As Tufte sees it, today's GUIs are problematic, in part, "because we've been taught to segregate text and graphics. There are a couple sources for that fallacy. One of them is that the modes of production have segregated text and image and tables up until recently. The other is that some people have taken a physiological speculation about how the brain works and tried to turn it into a design strategy: all that left brain/right brain, text/image nonsense. The funniest thing about the left brain/right brain book on drawing is that they have the drawings of children and they show what the children drew before and afterward, and the befores are much better than the afterwards. The afters are sort of stereotypical; the befores are idiosyncratic and quirky."

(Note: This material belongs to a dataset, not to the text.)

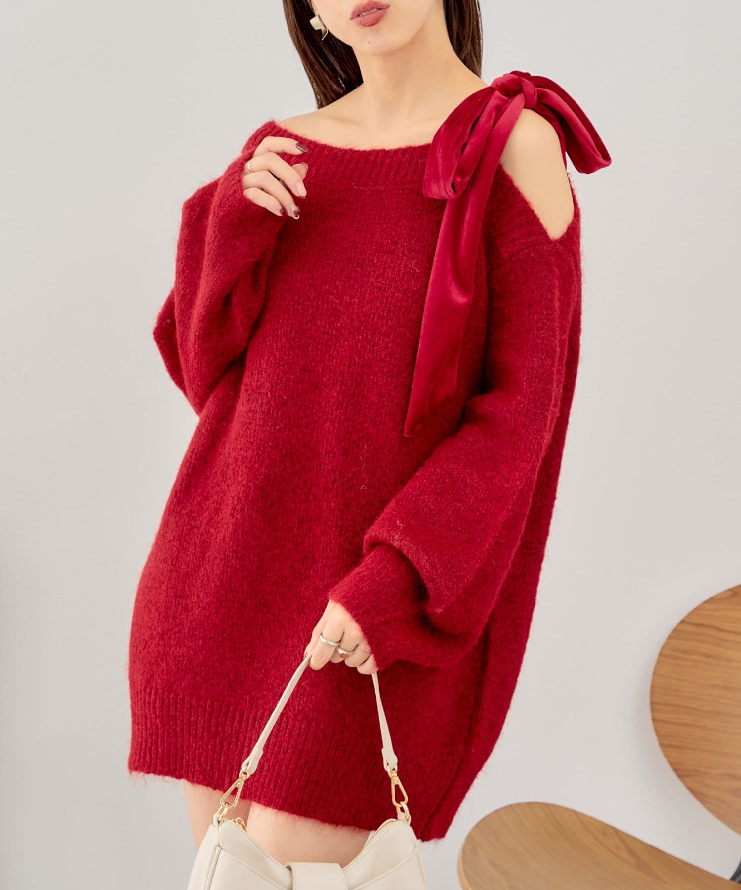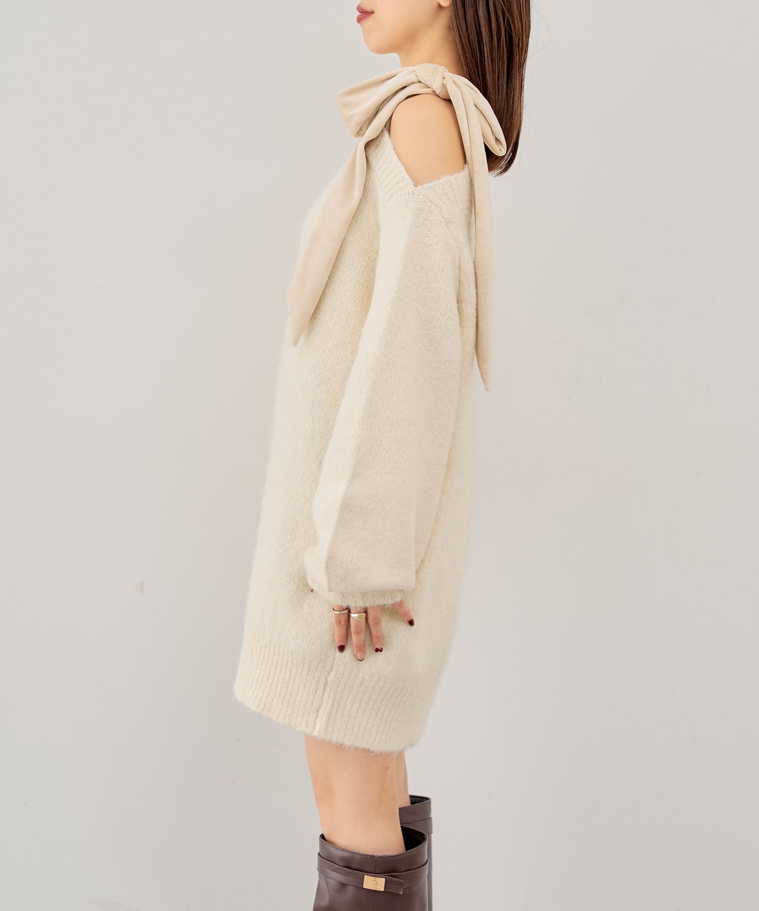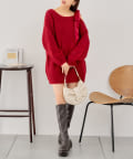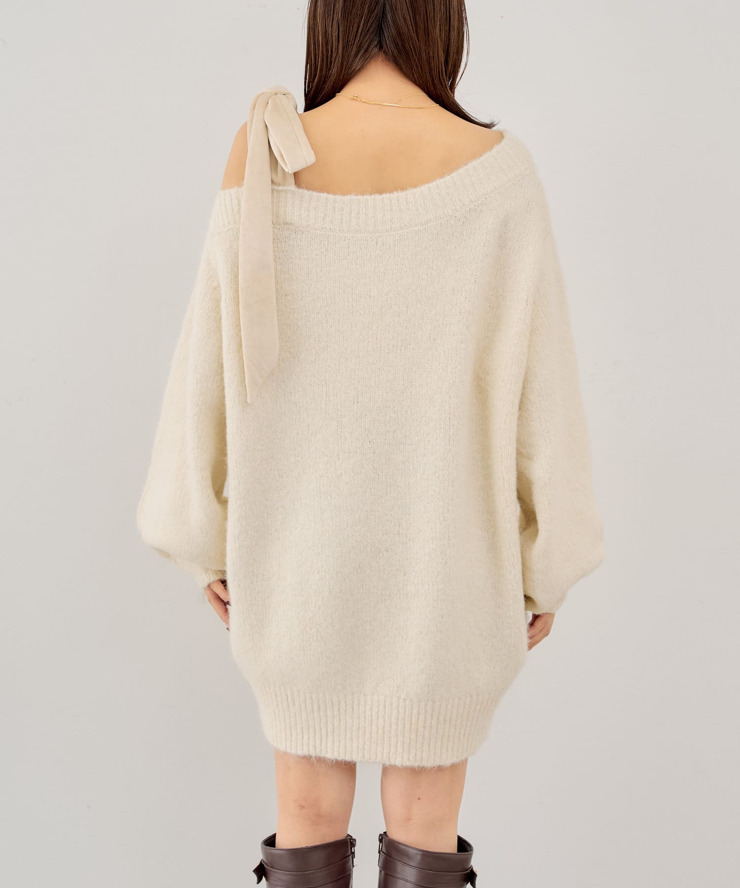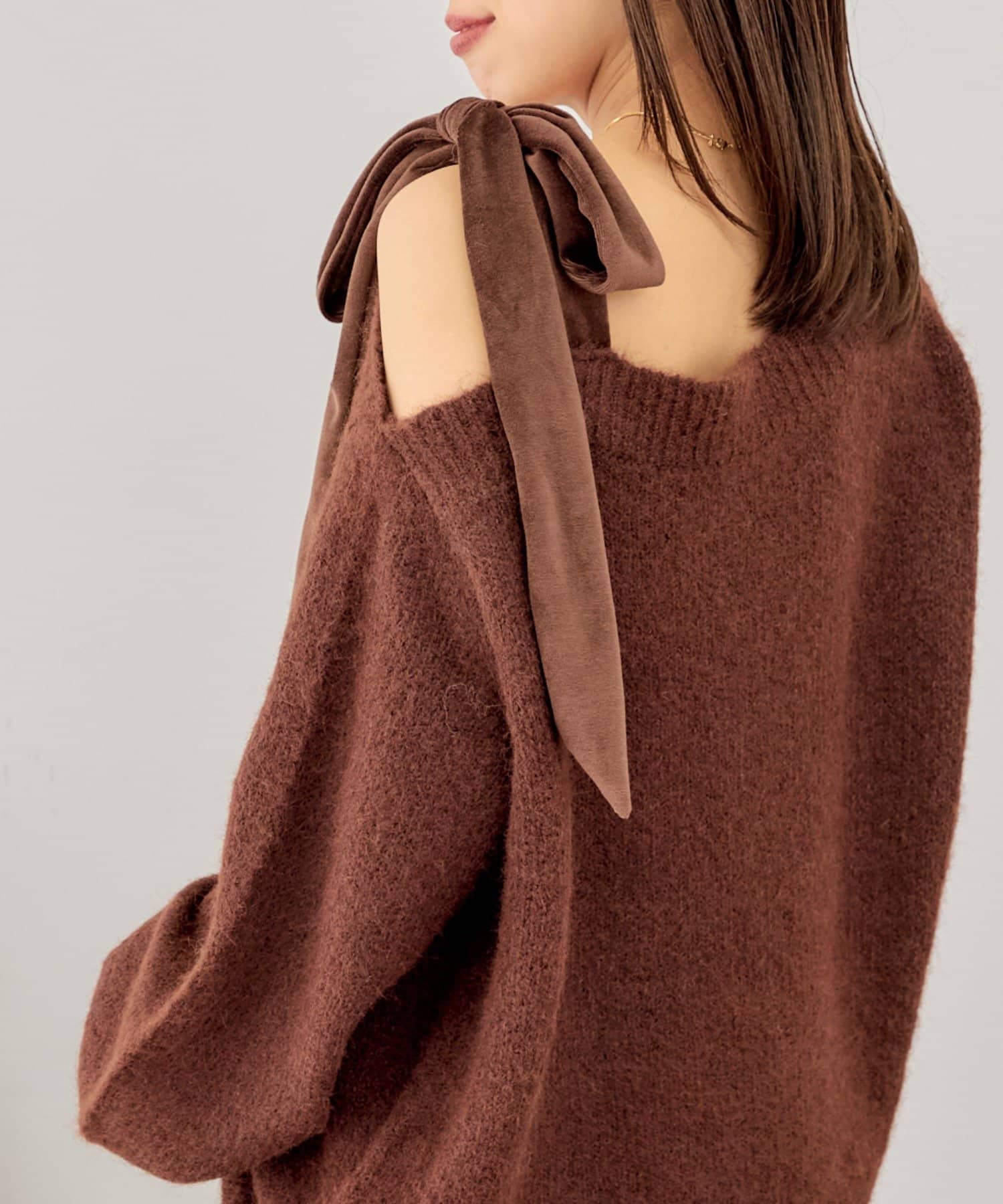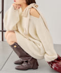 ベロアリボンワンショルルーズニット

As he does throughout his books and his lectures, Tufte looks to history for design solutions. "Someday – as they say in the industry, 'real soon now' – interfaces will be as seamless as (they were for) Galileo." He opens an original edition of Galileo's Istoria e dimostrazioni intorno alle macchie solari e loro accidenti, then turns to a description of the first telescopic observations of Saturn. In the text itself, as if it were a word, is a picture of Saturn and its rings. The integration is seamless. "So 'real soon now,' we'll be able to do what Galileo did in 1613."
Applications nowadays are stuffed with features and mini-applications, enough so that people are often intimidated by the hidden features and don't bother learning them. "We've all heard jokes about programming VCRs, but the same is true of the features of any of the main word processing programs. There are lots of things that users would like to do, but the learning costs are too high. There's a joke along the lines of 'if a million monkeys had a million years they could type out the complete Shakespeare.' Similarly, if a million monkeys had a million years at a terminal they could eventually get two columns in Word. The key thing in judging an interface – and this is how the trade press should review things – is not the features but the access to the features. Sure, the features exist, but do they exist as far as most users are concerned?"
Tufte sounds like he's preaching when he prescribes a design solution. "Usually there isn't much evidence for a great design strategy. A good design has a wholeness, an integrity, and a oneness that comes from a single intelligence. That's true of all great designs. They're idiosyncratic, they have a personality. It's hard to give evidence why one design is better than another. I try to, that's what my work is. I try to give it some principles, but it's a difficult question. A great design really has the quality of revelation."